As is clear from the above description, the ignition device according to the present invention has a simple structure, so it is easy to manufacture and can be manufactured at low cost, and its reversal prevention function is accurate and reliable. Since this is achieved automatically, it exhibits many excellent effects such as being able to operate the internal combustion engine extremely safely.

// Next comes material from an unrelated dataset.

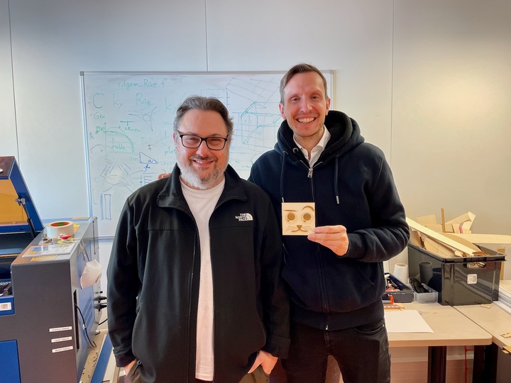 _On notera la présence du mathematicien et youtuber Nathan Uyttendaele, des chaines « Les statistiques expliquées à mon chat » et « Chat sceptique » pour qui - sous la pression populaire ;-) - nous avons gravé le logo sur notre découpe laser.

[Brief explanation of the drawing]

1 to 4 are electrical circuit diagrams showing embodiments of the present invention. FIG. 4 shows an example in which an ordinary transistor is used as a semiconductor switching element. Figures 5 to 8
The figures are voltage waveform diagrams for explaining the operation of the device of the present invention. Figures 5 and 6 show the state when the internal combustion engine is normally operating, and Figures 7 and 8 show the state when the internal combustion engine is normally operating. shows the state when the internal combustion engine is driven in the opposite direction. Explanation of symbols: 1; transistor; 2; transistor circuit; 3; transistor; 4; semiconductor switching element; R1, R2, R3, R4, R5, R
6, R7, R8, R9; Resistor, C1, C2; Capacitor, V1, V2, V3; Voltage, v1, v
2, v3; voltage.

Claims (1)

[Claims] 1 1 of the ignition coil with the plug connected to the secondary winding
A series circuit of a first resistor having a high resistance value, a transistor, and a first capacitor is connected between both terminals of the next winding;
A series circuit of a transistor circuit and a second resistor with a low resistance value, and a series circuit of a third resistor with a high resistance value and a silicon-controlled rectifier with a gate circuit inserted and connected between the gate and cathode are connected in parallel. The base of the transistor is connected to the emitter of the transistor circuit connected to the second resistor, and the collector of the transistor connected to the first resistor is connected to the gate of the silicon-controlled rectifying element, A base is connected to the anode of a silicon-controlled rectifying element connected to the third resistor, a semiconductor switching element with a control terminal is connected in parallel with the gate circuit, and a first capacitor is connected to the emitter of the transistor. An ignition device for an internal combustion engine comprising a series circuit connected in parallel with a resistor and a second capacitor inserted and connected between the control terminal and the cathode terminal of the semiconductor switching element with a control terminal.